Cost Efficient Batch Processing in Amazon Cloud

Tamrakar, Kabin

Master thesis

View/Open

oppginnlev-ee0f ... 098e28eTamrakar_Master.pdf (6.138Mb)

Year

2016

Abstract

Cloud Computing provides computing and storage resources at economical price with flexibility, mobility and availability. These resources range from small capacity to very high capacity computes. The cloud providers also offer spare compute instances at significantly low price. Amazon Cloud Service provider has a popular bidding scheme on their spare computes called spot instances which can be requested with bid price. The spot instances are vulnerable to termination at any time if spot market price exceeds the bid price. Amazon also rents on-demand instances which are persistent with fixed price. Spot innstance price may drop up to 90% compared to price of on-demand instance. In this project, spot instances are resorted in task instances’ group of Amazon EMR cluster to process batch jobs with deadline. Amazon EMR makes it convenient to process big data by the aid of managed Hadoop framework. The processed intermediate results in the task nodes of the cluster are lost if the spot instances gets terminated that can cause processing delay. The cost efficiency can be realized by exploiting on-real time nature of batch computing for Big Data.
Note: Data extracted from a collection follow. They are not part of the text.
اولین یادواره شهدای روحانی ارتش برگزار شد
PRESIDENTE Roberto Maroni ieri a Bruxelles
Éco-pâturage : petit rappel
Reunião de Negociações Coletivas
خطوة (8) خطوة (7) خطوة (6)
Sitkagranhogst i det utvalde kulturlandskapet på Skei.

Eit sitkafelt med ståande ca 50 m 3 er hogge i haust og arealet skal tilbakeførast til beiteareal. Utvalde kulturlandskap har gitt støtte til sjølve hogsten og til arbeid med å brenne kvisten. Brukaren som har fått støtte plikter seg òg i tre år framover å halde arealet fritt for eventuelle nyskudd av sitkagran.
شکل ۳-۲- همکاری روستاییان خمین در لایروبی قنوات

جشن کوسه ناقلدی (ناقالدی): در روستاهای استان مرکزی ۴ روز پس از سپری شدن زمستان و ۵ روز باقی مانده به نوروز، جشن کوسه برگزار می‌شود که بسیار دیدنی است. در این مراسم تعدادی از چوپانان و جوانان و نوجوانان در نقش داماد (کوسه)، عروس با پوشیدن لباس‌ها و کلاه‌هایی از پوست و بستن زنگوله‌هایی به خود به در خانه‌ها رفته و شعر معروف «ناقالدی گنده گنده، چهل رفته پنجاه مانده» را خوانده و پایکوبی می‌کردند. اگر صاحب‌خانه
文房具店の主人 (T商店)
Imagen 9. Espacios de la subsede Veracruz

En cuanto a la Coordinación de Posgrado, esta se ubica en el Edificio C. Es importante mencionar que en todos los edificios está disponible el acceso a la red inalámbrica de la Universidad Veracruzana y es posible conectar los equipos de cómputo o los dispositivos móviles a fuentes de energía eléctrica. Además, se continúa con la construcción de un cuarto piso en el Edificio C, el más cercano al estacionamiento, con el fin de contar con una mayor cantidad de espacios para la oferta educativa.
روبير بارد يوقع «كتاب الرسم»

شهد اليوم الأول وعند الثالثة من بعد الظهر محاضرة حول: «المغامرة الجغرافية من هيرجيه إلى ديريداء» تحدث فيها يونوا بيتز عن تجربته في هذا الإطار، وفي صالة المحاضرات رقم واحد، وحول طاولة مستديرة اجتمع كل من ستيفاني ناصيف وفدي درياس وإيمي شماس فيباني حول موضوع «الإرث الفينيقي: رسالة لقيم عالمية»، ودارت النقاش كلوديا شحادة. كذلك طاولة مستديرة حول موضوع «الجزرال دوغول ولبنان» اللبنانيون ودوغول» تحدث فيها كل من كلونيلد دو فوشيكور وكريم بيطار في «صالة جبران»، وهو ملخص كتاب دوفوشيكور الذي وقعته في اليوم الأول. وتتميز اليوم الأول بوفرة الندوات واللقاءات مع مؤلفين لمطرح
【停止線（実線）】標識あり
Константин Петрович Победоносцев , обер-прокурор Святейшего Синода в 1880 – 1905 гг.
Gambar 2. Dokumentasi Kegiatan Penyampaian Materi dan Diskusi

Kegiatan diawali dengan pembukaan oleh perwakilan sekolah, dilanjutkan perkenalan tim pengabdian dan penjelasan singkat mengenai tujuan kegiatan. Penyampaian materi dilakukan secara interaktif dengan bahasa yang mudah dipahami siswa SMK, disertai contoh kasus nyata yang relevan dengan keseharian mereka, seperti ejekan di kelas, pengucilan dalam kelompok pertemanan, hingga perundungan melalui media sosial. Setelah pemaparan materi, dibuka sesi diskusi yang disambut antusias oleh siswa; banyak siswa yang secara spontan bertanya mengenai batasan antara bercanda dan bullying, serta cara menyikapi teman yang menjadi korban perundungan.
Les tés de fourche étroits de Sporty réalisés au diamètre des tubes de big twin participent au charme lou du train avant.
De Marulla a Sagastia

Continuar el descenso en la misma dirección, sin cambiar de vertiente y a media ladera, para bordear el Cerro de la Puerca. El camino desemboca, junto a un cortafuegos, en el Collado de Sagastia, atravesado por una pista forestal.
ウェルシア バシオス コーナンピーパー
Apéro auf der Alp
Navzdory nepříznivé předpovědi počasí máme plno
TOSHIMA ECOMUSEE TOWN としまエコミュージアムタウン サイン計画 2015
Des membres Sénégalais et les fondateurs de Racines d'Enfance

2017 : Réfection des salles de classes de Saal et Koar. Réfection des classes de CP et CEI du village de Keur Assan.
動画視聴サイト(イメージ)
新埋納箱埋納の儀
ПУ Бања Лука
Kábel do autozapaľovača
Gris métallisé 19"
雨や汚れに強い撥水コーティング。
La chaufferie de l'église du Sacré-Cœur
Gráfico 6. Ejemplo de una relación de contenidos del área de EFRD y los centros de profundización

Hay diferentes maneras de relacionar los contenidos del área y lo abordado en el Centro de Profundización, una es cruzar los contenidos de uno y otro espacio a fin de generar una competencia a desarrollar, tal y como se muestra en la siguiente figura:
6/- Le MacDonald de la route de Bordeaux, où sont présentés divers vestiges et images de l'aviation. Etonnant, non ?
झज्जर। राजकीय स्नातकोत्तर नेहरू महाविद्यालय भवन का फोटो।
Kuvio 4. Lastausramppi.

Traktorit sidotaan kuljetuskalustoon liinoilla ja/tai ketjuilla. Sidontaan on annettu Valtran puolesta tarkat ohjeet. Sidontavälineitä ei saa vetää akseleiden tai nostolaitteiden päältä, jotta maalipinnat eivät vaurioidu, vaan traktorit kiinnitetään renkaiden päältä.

Two algorithms are devised for achieving cost efficient processing in Hadoop MapReduce. Both algorithms process data in divisions such that abrupt termination of spot instances affects that division only. Based on progress at some interval and checkpoints, task group’s capacity is resized to complete processing in time. Progress is completion of number of divisions of work. The first algorithm begins with spot instances in estimated quantity. To complete processing of all data in time, on-demand instances are employed after threshold time. The second algorithm starts by using higher number of spot instances than required to complete the work within deadline. It has higher probability to utilize only spot instances because of faster work progress. On-demand instances are deployed only in case of slow progress. The experiments show that both algorithms minimize the cost of processing. The second algorithm further minimizes the cost in most cases.